The 2014 Elimination Chamber (known as No Escape in Germany) was the fifth Elimination Chamber professional wrestling pay-per-view (PPV) event produced by WWE. The event took place on February 23, 2014, at the Target Center in Minneapolis, Minnesota. It was WWE's final PPV to air before the launch of their online streaming service, the WWE Network, on February 24; following its launch, the events began to be simultaneously broadcast on PPV and livestreamed on the WWE Network.

Eight matches took place at the event, including one on the Kickoff pre-show. In the main event, Randy Orton retained the WWE World Heavyweight Championship in an Elimination Chamber match, defeating John Cena, Daniel Bryan, Christian, Cesaro, and Sheamus.
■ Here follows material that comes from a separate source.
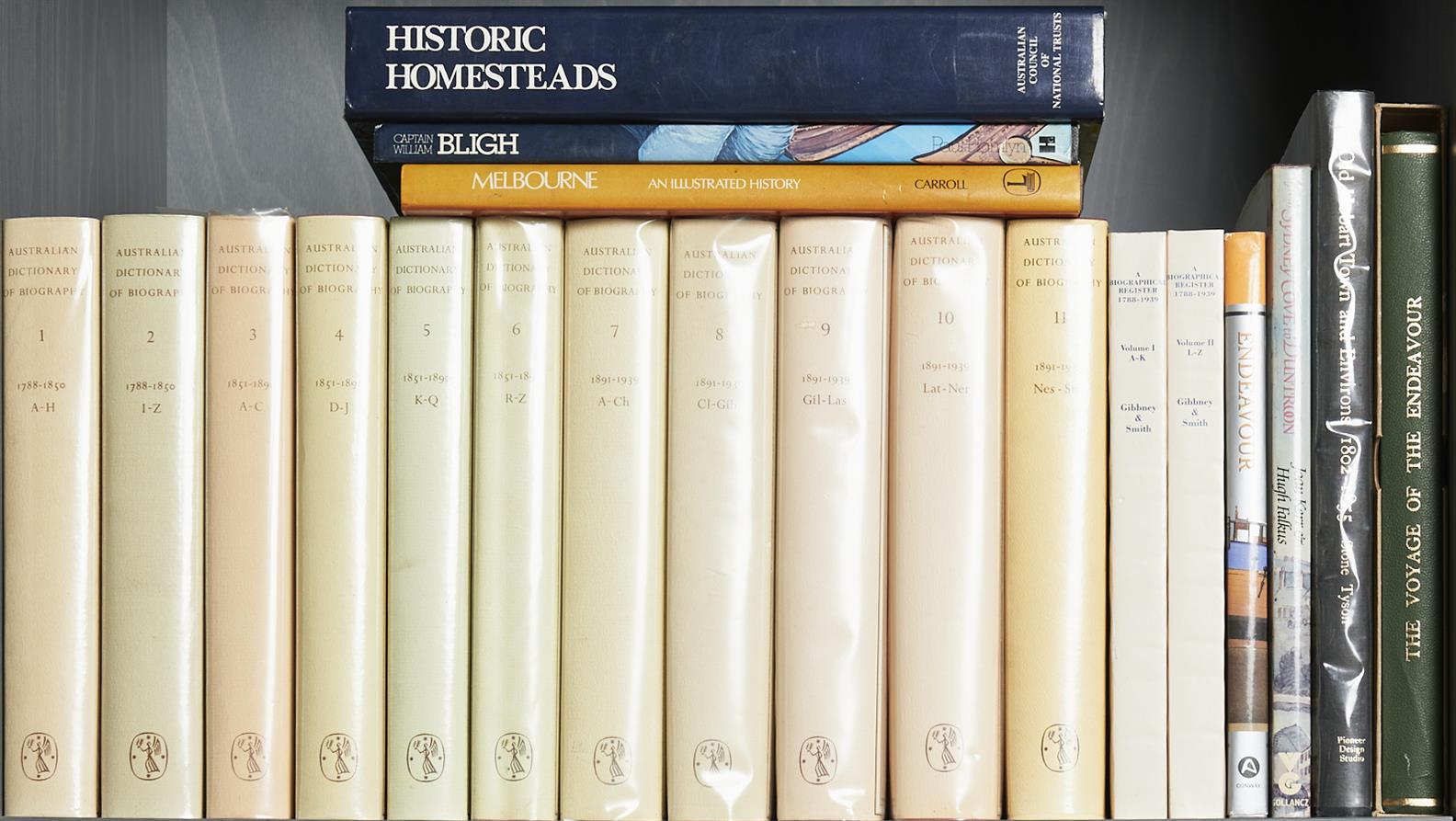 A SHELVE OF AUSTRALIAN HISTORY BOOKS, LEONARD JOEL DELIVERY SIZE: LARGE
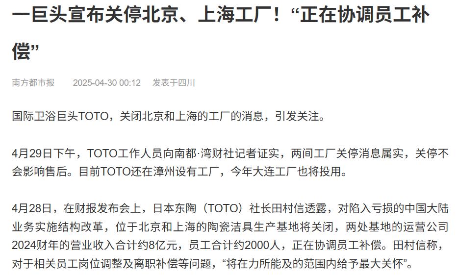 如果你只看传统卫浴产品,东陶这几年在国内被打得丢盔弃甲,从年赚几亿,到亏损数千万,还关掉了运营多年的北京、上海工厂,国产品牌正在疯狂吞噬它的份额。

The event had 183,000 buys, down from previous year's 213,000 buys.

Production

Background
Elimination Chamber is a gimmick pay-per-view (PPV) produced every February by WWE since 2010. The concept of the show is that one or two main event matches are contested inside the Elimination Chamber, either with championships or future opportunities at championships at stake. The 2014 event was the fifth event under the Elimination Chamber chronology and was scheduled to be held on February 23, 2014, at the Target Center in Minneapolis, Minnesota.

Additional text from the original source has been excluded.